> [What needs to be done]: Quote the records below in full, exactly as given, with the images taken out.

> [Input data]:
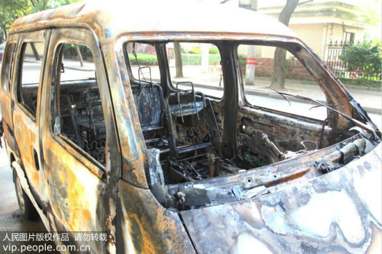 2013年8月1日,浙江省台州经济开发区某路段一辆停放在路边的面包车发生自燃,车体烧成空壳。(何文斌 赵健/人民图片)
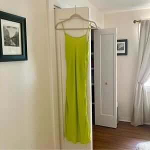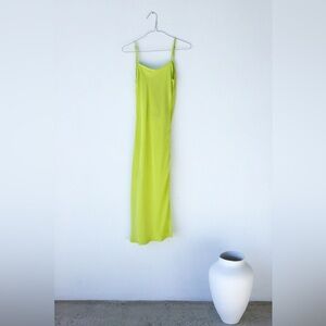Slip dress cut on the bias with cowl back line and adjustable straps in citron.
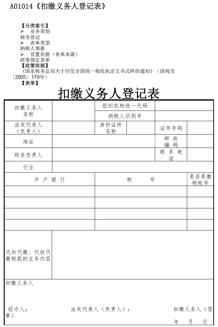 1.初次辦理代扣代繳義務(wù)的企業(yè),請?zhí)顚懖⒋蛴、佟犊劾U義務(wù)人登記表》;
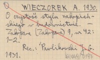 WIECZOREK A. 1930 O czystość stylu zakopiańskiego w budownictwie.
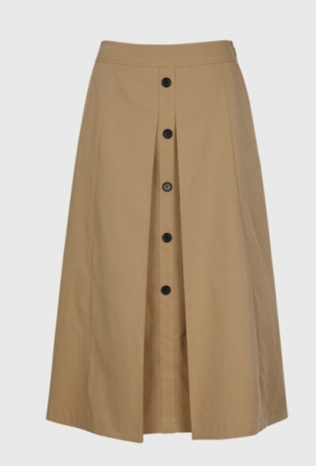 심플한 느낌을 주는 단정한 플레어스커트입니다. 스커트폭이 넓지 않아 날씬해보여요.
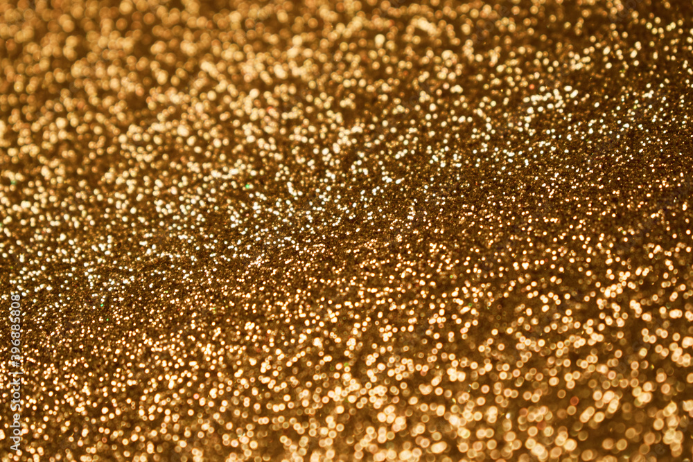 Christmas fairy lights defocused giving a blurred effect. Trendy color.Glowing and festive gold light circles created from in camera and lens bokeh. Background for design.

> [Answer for the task]:
 2013年8月1日,浙江省台州经济开发区某路段一辆停放在路边的面包车发生自燃,车体烧成空壳。(何文斌 赵健/人民图片)
Slip dress cut on the bias with cowl back line and adjustable straps in citron.
 1.初次辦理代扣代繳義務(wù)的企業(yè),請?zhí)顚懖⒋蛴、佟犊劾U義務(wù)人登記表》;
 WIECZOREK A. 1930 O czystość stylu zakopiańskiego w budownictwie.
 심플한 느낌을 주는 단정한 플레어스커트입니다. 스커트폭이 넓지 않아 날씬해보여요.
 Christmas fairy lights defocused giving a blurred effect. Trendy color.Glowing and festive gold light circles created from in camera and lens bokeh. Background for design.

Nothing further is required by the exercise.